━━ Data shown ━━

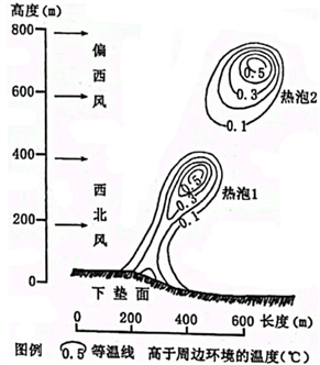 当空气经过较暖的下垫面时,底部的大气增温形成比周边温度高的“热泡”,并不断向上运动,这是一切对流现象的基础。“热泡”超过凝结高度就会形成云层,海面上的云层在夜间常常会发生强烈对流,形成雷雨天气。下图为甲地下垫面附近“热泡”上升运动示意图。完成24、25题。
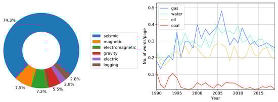 We break down the logical sum (Each of the words represents the sum of the related words: “seismic,” “seismics”; “magnetic,” “geomagnetic,” “aeromagnetic”; “electromagnetic,” “em”; “gravity,” “gravimetry,” “gravimetric”; “electric,” “geoelectric”; “logging,” “borehole geophysics.” Please note that we present here words related mainly to methods of exploration geophysics. We have not mentioned words related to other branches of geophysics, because they are much less common in the SEG annual meetings.) of the names of geophysical methods used between 1990 and 2019, see Figure 4 (left). These composite words practically do not change over time, and we show the total in a pie chart. In Figure 4 (left) we show the occurrence of the most common geophysical methods, and give an estimate of the SEG annual conference content. Three quarters of the material relates to the collection and processing of seismic data; the remaining quarter accounts for all other methods. We see that the primary method discussed at the SEG annual conferences is “seismic.” Its usage is an order of magnitude higher than those of all other methods, and its frequency of occurrence is still growing. It is worth noting that the word “seismic” is mentioned about four times more often than the word “geophysics.” In Figure 4 (right), we break down the names of main resources that sustain our unsustainable civilization []. We observe a slight increase in the frequency of the words “gas” and “water” from 1995 to 2015. Perhaps this is due to an increase in reservoir modeling research. Figure 3 and Figure 4 show that for the last 30 years there have been no significant changes in the use of geophysical methods and objects, with the exception of an increase in the frequency of occurrence of “shale” between 2007 to 2014.
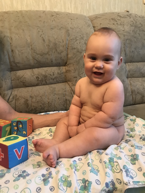 Илюша стал такой идеально круглый, в меру пухлый, весь какой-то гладкий, сбитый, просто идеальный по форме младенчик с круглыми глазками, пушистой головкой, маленькими пальчиками, длинными ножками в перевязочках - трогательный, тискательный младенчик. Он и до этого такой был, но в этом месяце я как-то особенно остро ощутила эти эмоции от физического контакта с ним. До четырёх месяцев детей особо не потискаешь, они ещё в тонусе, немного со сведёнными руками и ногами, хрупкие, диспропорциональные. Ребёнок же от шестого до девятого месяца это именно те дети, которых снимают в рекламе подгузников, и которых я обожаю. Те веселые круглые кабачки, что представляются всем людям, когда мы говорим «грудничок».
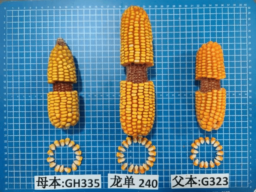 该品种处于龙科玉米科企联合体2区生产试验阶段。属普通玉米品种。在适应区出苗至成熟生育日数为125天左右,需≥10℃活动积温2600℃左右。该品种幼苗期第一叶鞘紫色,叶片深绿色,茎绿色。雄穗一级分枝6~8个,颖壳绿色,花丝绿色,花药紫色。株高301厘米,穗位高115厘米,成株可见17片叶。果穗长筒型,穗轴红色,穗长21.6厘米,穗粗5.4厘米,穗行数18~20行,籽粒马齿型、粒色黄色,百粒重36.3克。两年品质分析结果:容重757~790克/升,粗蛋白10.02%~11.59%,粗脂肪3.14%~4.33%,粗淀粉73.66%~74.84%。三年抗病接种鉴定结果:中抗至感大斑病,丝黑穗病发病率10.5%~15.2%,茎腐病发病率0.0%~2.1%,高抗至中抗镰孢穗腐病。
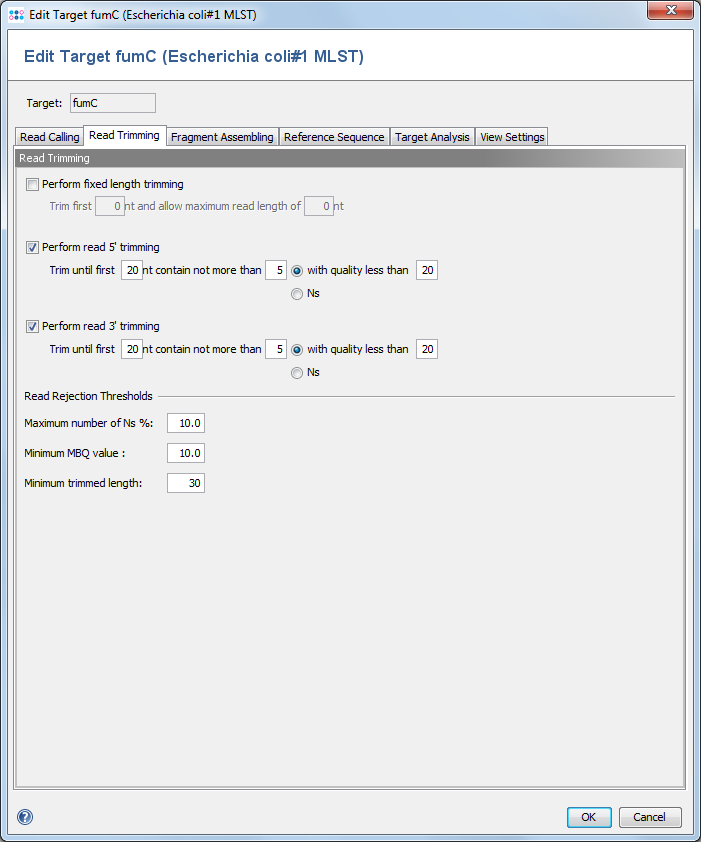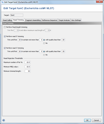 Three thresholds can be set to define a minimum quality a read must meet to be used in an assembly. If a read does not surpass these thresholds, it will be marked as rejected in the Navigation tree. All thresholds refer to the trimmed sequence, if trimming was enabled.

━━━

Work instruction
Images are to be omitted; repeat the remaining data above exactly.

Worked solution
 当空气经过较暖的下垫面时,底部的大气增温形成比周边温度高的“热泡”,并不断向上运动,这是一切对流现象的基础。“热泡”超过凝结高度就会形成云层,海面上的云层在夜间常常会发生强烈对流,形成雷雨天气。下图为甲地下垫面附近“热泡”上升运动示意图。完成24、25题。
 We break down the logical sum (Each of the words represents the sum of the related words: “seismic,” “seismics”; “magnetic,” “geomagnetic,” “aeromagnetic”; “electromagnetic,” “em”; “gravity,” “gravimetry,” “gravimetric”; “electric,” “geoelectric”; “logging,” “borehole geophysics.” Please note that we present here words related mainly to methods of exploration geophysics. We have not mentioned words related to other branches of geophysics, because they are much less common in the SEG annual meetings.) of the names of geophysical methods used between 1990 and 2019, see Figure 4 (left). These composite words practically do not change over time, and we show the total in a pie chart. In Figure 4 (left) we show the occurrence of the most common geophysical methods, and give an estimate of the SEG annual conference content. Three quarters of the material relates to the collection and processing of seismic data; the remaining quarter accounts for all other methods. We see that the primary method discussed at the SEG annual conferences is “seismic.” Its usage is an order of magnitude higher than those of all other methods, and its frequency of occurrence is still growing. It is worth noting that the word “seismic” is mentioned about four times more often than the word “geophysics.” In Figure 4 (right), we break down the names of main resources that sustain our unsustainable civilization []. We observe a slight increase in the frequency of the words “gas” and “water” from 1995 to 2015. Perhaps this is due to an increase in reservoir modeling research. Figure 3 and Figure 4 show that for the last 30 years there have been no significant changes in the use of geophysical methods and objects, with the exception of an increase in the frequency of occurrence of “shale” between 2007 to 2014.
 Илюша стал такой идеально круглый, в меру пухлый, весь какой-то гладкий, сбитый, просто идеальный по форме младенчик с круглыми глазками, пушистой головкой, маленькими пальчиками, длинными ножками в перевязочках - трогательный, тискательный младенчик. Он и до этого такой был, но в этом месяце я как-то особенно остро ощутила эти эмоции от физического контакта с ним. До четырёх месяцев детей особо не потискаешь, они ещё в тонусе, немного со сведёнными руками и ногами, хрупкие, диспропорциональные. Ребёнок же от шестого до девятого месяца это именно те дети, которых снимают в рекламе подгузников, и которых я обожаю. Те веселые круглые кабачки, что представляются всем людям, когда мы говорим «грудничок».
 该品种处于龙科玉米科企联合体2区生产试验阶段。属普通玉米品种。在适应区出苗至成熟生育日数为125天左右,需≥10℃活动积温2600℃左右。该品种幼苗期第一叶鞘紫色,叶片深绿色,茎绿色。雄穗一级分枝6~8个,颖壳绿色,花丝绿色,花药紫色。株高301厘米,穗位高115厘米,成株可见17片叶。果穗长筒型,穗轴红色,穗长21.6厘米,穗粗5.4厘米,穗行数18~20行,籽粒马齿型、粒色黄色,百粒重36.3克。两年品质分析结果:容重757~790克/升,粗蛋白10.02%~11.59%,粗脂肪3.14%~4.33%,粗淀粉73.66%~74.84%。三年抗病接种鉴定结果:中抗至感大斑病,丝黑穗病发病率10.5%~15.2%,茎腐病发病率0.0%~2.1%,高抗至中抗镰孢穗腐病。
 Three thresholds can be set to define a minimum quality a read must meet to be used in an assembly. If a read does not surpass these thresholds, it will be marked as rejected in the Navigation tree. All thresholds refer to the trimmed sequence, if trimming was enabled.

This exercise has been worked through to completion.